August Cochrane review round-up
medwireNews: Three Cochrane reviews published in August covered the topic of diabetes during pregnancy, finding that more research is needed to guide the best strategy for detecting gestational diabetes and to establish whether preconception care is beneficial for women with type 1 or 2 diabetes.
In the first of two reviews focusing on gestational diabetes, Diane Farrar (Bradford Royal Infirmary, UK) and team analyzed the results of seven small trials from six countries comparing oral glucose tolerance tests with different methods of delivering glucose, including drinks, candy bars, and foods high in sugar.
None of the trials included in the review fully reported the methods used, and all had several aspects of unclear quality. The risk of bias was “generally unclear or high.”
Furthermore, none of the studies investigated the “important question of when is the best time during pregnancy to test women for [gestational diabetes], and none compared the standard [oral glucose tolerance test], which requires women to fast overnight, with a test that does not require an overnight fast,” report Farrar and colleagues.
Therefore, the team concludes that “studies in this review do not provide enough evidence to guide clinical practice and health policy regarding identifying women with [gestational diabetes].”
The second review, which included two trials involving a total of 4523 women and their babies, assessed whether screening for gestational diabetes based on risk profiles had an impact on maternal and infant outcomes, and whether there were benefits associated with screening in different healthcare settings.
Joanna Tieu (The University of Adelaide, South Australia) and colleagues found low-quality evidence from one trial to suggest that universal screening leads to more women being diagnosed with gestational diabetes compared with risk factor-based screening. In the latter, only women with at least one risk factor for gestational diabetes – such as having a first-degree relative with the condition, weighing more than 100 kg in the current pregnancy, and previous unexplained stillbirth – were screened. However, they note that the trial did not report on clinical outcomes for the mother or baby.

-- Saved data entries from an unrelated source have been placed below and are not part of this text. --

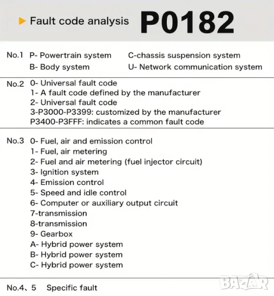 Диагностициране на кодове за неизправности и показване дефинициите на кодовете.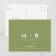 Cartão Postal Simple Moss Green Monogramas Casamento Salva a Dat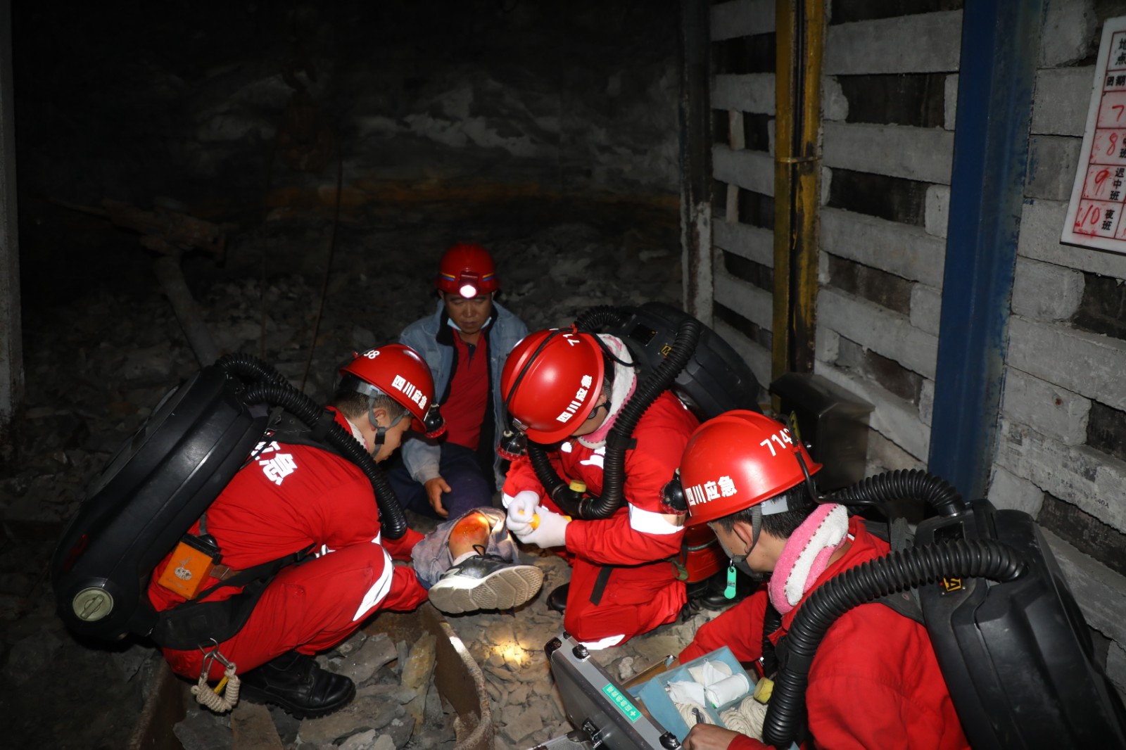 11日早上8点50分,嘉阳矿山救护队接到报警:黄村井因地震造成部分巷道垮塌,有遇险人员被困!值班员立即拉响警报,在不到一分钟的时间里,队员们迅速完成集结,携带装备火速赶往事故地点。9点15分,救援队伍到达事故地点后,一边向事故方了解矿井事故具体情况,一边进行入井前准备、搭建营地、成立临时指挥部。9点30分,救援队伍完成入井准备并携带装备入井侦察。在侦察中,救援人员对所经巷道进行气体浓度检测、现场安全检查;使用破拆工具、支护工具,清理垮塌区域;在发现受伤人员后,立即对伤员进行急救处理,将伤员搬运出地面。

The other trial provided low- to very-low-quality evidence to suggest that screening for gestational diabetes in primary care was not associated with a difference in outcomes, including diagnosis of gestational diabetes, hypertension, preeclampsia, large for gestational age, and neonatal hypoglycemia, compared with screening in secondary care.

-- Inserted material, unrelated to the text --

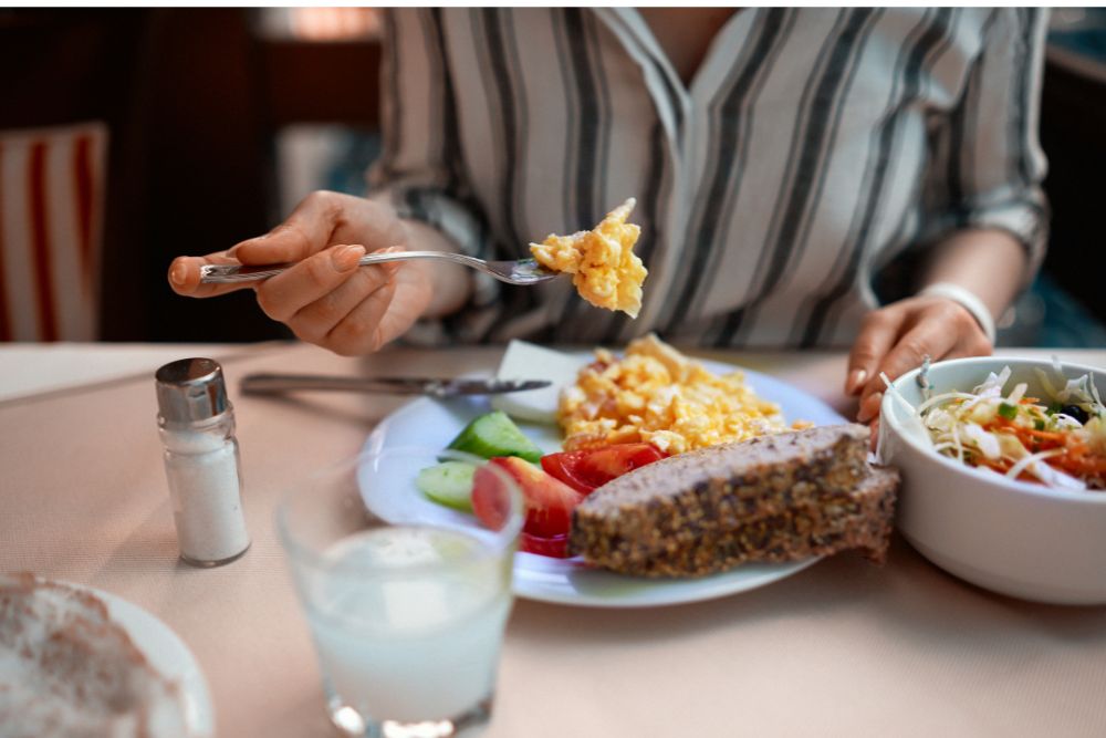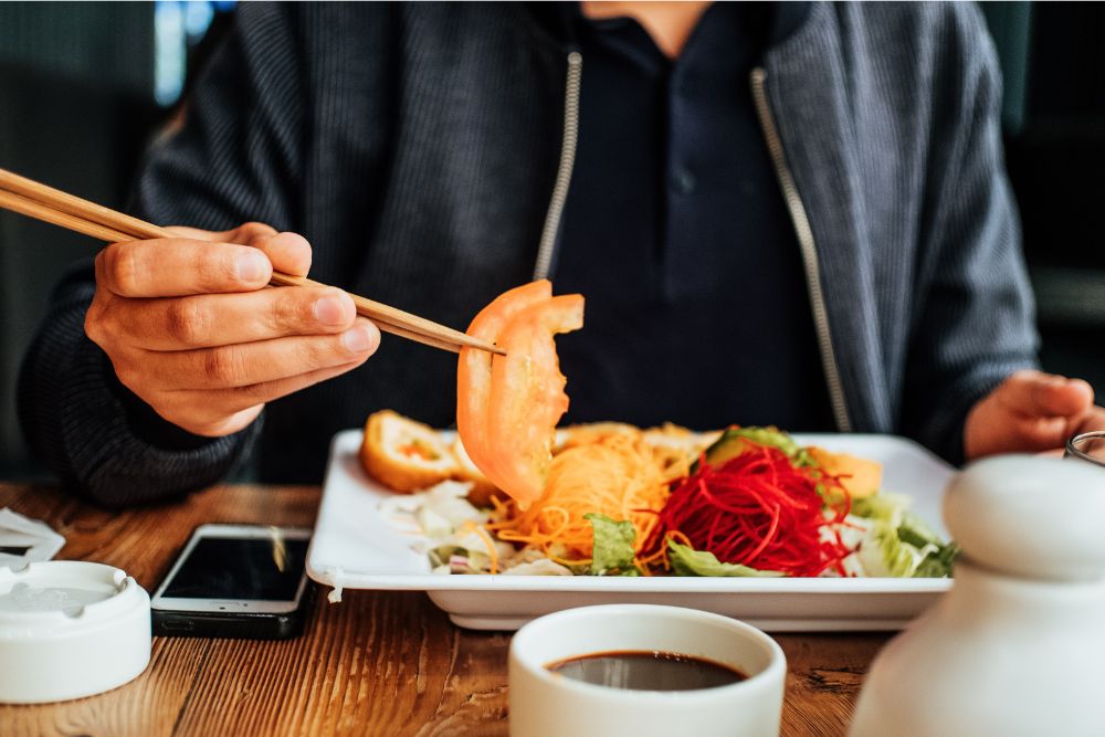 • Eat your meals slowly. It takes 20 minutes for your body to register that it is full. Choose or first eat the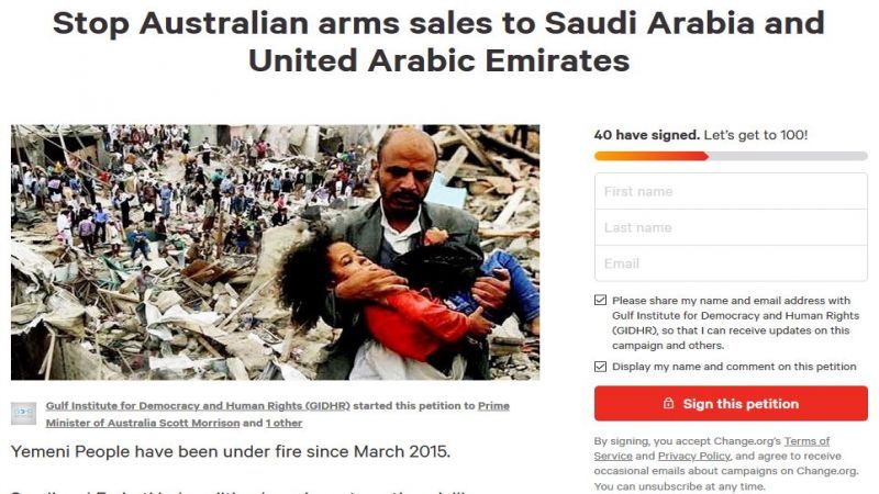 أطلق معهد الخليج للديمقراطية وحقوق الإنسان السبت عريضة لمطالبة الحكومة الأسترالية بإيقاف بيع الأسلحة لكل من السعودية والإمارات على خلفية استهداف المدنيين وجرائم الحرب المرتكبة في اليمن.

Based on these results, the researchers conclude that “[t]here is not enough evidence to guide us on effects of screening for [gestational diabetes] based on different risk profiles or settings on outcomes for women and their babies.”
The third Cochrane review, also led by Joanna Tieu, aimed to establish whether educational and supportive preconception care is beneficial for women with type 1 or type 2 diabetes who become pregnant.
Three randomized controlled trials addressing this question were identified, but none reported on the short- and long-term health outcomes for the mothers and their babies, leading the authors to conclude that there are insufficient data from randomized trials “to assess the effects of preconception care in women with diabetes […] or to support any particular protocol of preconception care over another.”
And the team recommends: “Future trials should be powered to evaluate effects on short- and long-term maternal and infant outcomes, and outcomes relating to the use and costs of health services.”